Der durch die Möglichkeit der «freien Schulwahl» ausgelöste Wettbewerb zwischen Neuseelands Schulen hat zu Gewinner- und Verlierer-Schulen (mit ihren Oberschichts- bzw. Unterschichtskindern) und zu neuen Formen der Segregation geführt. NPM hat im Bildungsbereich eine Vergrösserung der Unterschiede in der Bildungsqualität zur Folge, weil das Hauptgewicht auf die Veränderung äusserer Strukturen gelegt und die differenzierte Ermittlung der effektiven pädagogischen Auswirkungen auf das eigentliche Lehren und Lernen vernachlässigt wird. Unterdessen müssen die Lehrpersonen Schulmarketingaufgaben übernehmen, die sie von der Hauptaufgabe der Bildung zeitaufwändig absorbieren.

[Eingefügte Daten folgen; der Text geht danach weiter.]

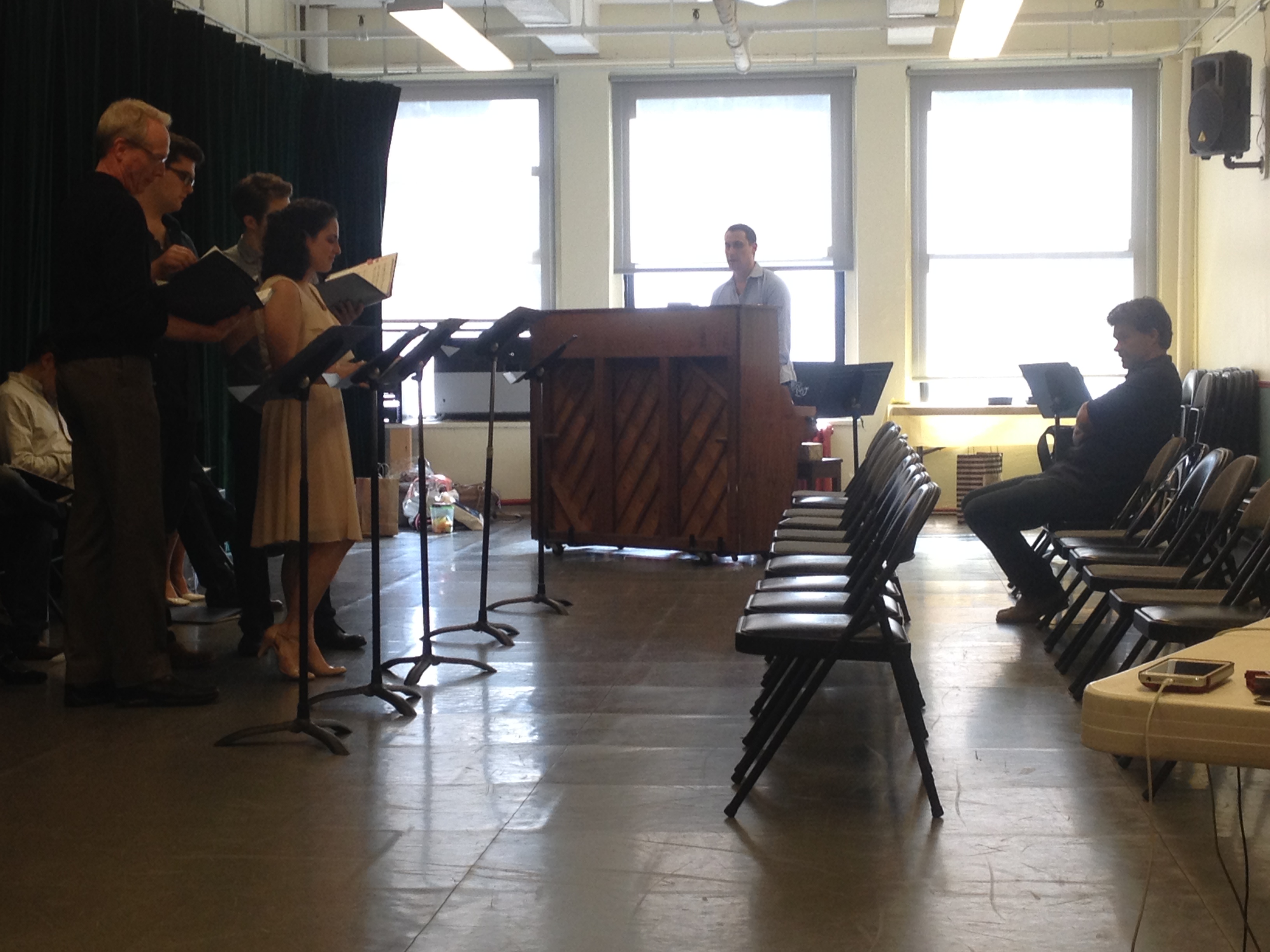 The first day of rehearsal was dedicated to teaching everyone the music. Most of the ensemble knew it since they had recorded the demo for us, but that was almost a year ago! Also Jonathan, Ruth, and Ryan were all joining the project for the first time and had never heard any of it.

Konkret sieht das dann so aus: Neuseelands «Lehrer müssen auf jede Information achten, welche die Marktstellung der Schule in ihrer Umgebung verändern bzw. verschlechtern könnte. Sie sollten die Leistungen ihrer Schüler in den Medien propagieren; sie sollten neue Bereiche anfügen, welche die Diversität des School Programs hervorstreichen (auch um den Preis grösserer Klassen), und sie sollten das öffentliche und das private Verhalten ihrer Schüler so beeinflussen, dass das beste Bild der Schule daraus resultiert».
Quellen:
Buschor, Ernst: «Das neue Rechnungsmodell für Kantone und Gemeinden» 1978, in: Forum statisticum 10 (1978), S. 3–12
Buschor, Ernst: «New public management. Internationale Erfahrungen und Beiträge». Verlag Heidelberg Zündel & Partner Hrsg. 1996
Buschor, Ernst: «New Public Management als neuer Retter in der Not: Der Anspruchsvolle Weg zum New Public Management.» 1997, in: Reflegs – Informations- und Personalmagazin des GS EMD 1997, Nr. 7
Buschor, Ernst: «New Public Management: Reformbedarf auf Bundesstufe.» 2000, in: Vom Service Public zum Service au Public Zürich, 2000, S. 63–69, ISBN 3858238562
Pelizzari, Alessandro: «Die Ökonomisierung des Politischen: new public management und der neoliberale Angriff auf die öffentlichen Dienste», Konstanz 2001. ISBN 3-89669-998-9, Kapitel 3: Finanzpolitik und gesellschaftspolitische Gegenreformen im Kanton Zürich
Ernst Buschor: «Das Ausmass der Globalisierung wird nicht in Zürich entschieden.» «Wissensgesellschaft: Die Zukunft beginnt auf der Baustelle.» Zeitschrift Bilanz, 8.8.2003
Tonia Bieber: “Soft Governance in Education”. The PISA Study and the Bologna Process in Switzerland. „Staatlichkeit im Wandel“ − „Transformations of the State“ Bremen, 2010
http://de.wikipedia.org/wiki/Ernst_Buschor_%28%C3%96konom%29
Schon nur die Idee, staatliche Schule sollen Profitcenter sein, ist an Wahnsinn nicht zu überbieten. Buschor ist gescheitert und wir inzwischen hoffentlich gescheiter. Was der Typ an Schaden angerichtet hat, müsste man ihm eigentlich persönlich in Rechnung stellen.
Die Ideen von Ernst Buschor richten in den Schulen immer noch Schaden an. Das Rad wurde nach seinem Abgang leider nicht zurückgedreht.